论文标题
Syrapropa在Semeval-2020任务11:基于BERT的宣传技术设计和跨度检测
syrapropa at SemEval-2020 Task 11: BERT-based Models Design For Propagandistic Technique and Span Detection
论文作者
论文摘要
本文介绍了针对Semeval-2020任务中的两个子任务提出的基于BERT的模型11:在新闻文章中检测宣传技术。我们首先基于Spanbert构建跨度识别(SI)的模型,并通过更深的模型和句子级表示促进检测。然后,我们开发了用于技术分类的混合模型(TC)。混合模型由三个子模型组成,包括两个具有不同训练方法的BERT模型和一个基于功能的逻辑回归模型。我们努力通过调整成本功能来处理不平衡的数据集。我们位于SI子任务(F1量的0.4711)中的第七名,在开发集中的TC子任务中的第三名(F1-量化的0.6783)位居第三。

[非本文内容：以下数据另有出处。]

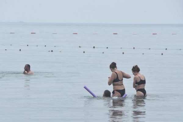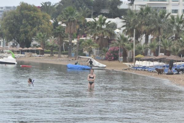 MUĞLA'nın Bodrum ilçesinde bazı yabancı turistler, zaman zaman sağanağa dönen yağmurda denize girdi.

This paper describes the BERT-based models proposed for two subtasks in SemEval-2020 Task 11: Detection of Propaganda Techniques in News Articles. We first build the model for Span Identification (SI) based on SpanBERT, and facilitate the detection by a deeper model and a sentence-level representation. We then develop a hybrid model for the Technique Classification (TC). The hybrid model is composed of three submodels including two BERT models with different training methods, and a feature-based Logistic Regression model. We endeavor to deal with imbalanced dataset by adjusting cost function. We are in the seventh place in SI subtask (0.4711 of F1-measure), and in the third place in TC subtask (0.6783 of F1-measure) on the development set.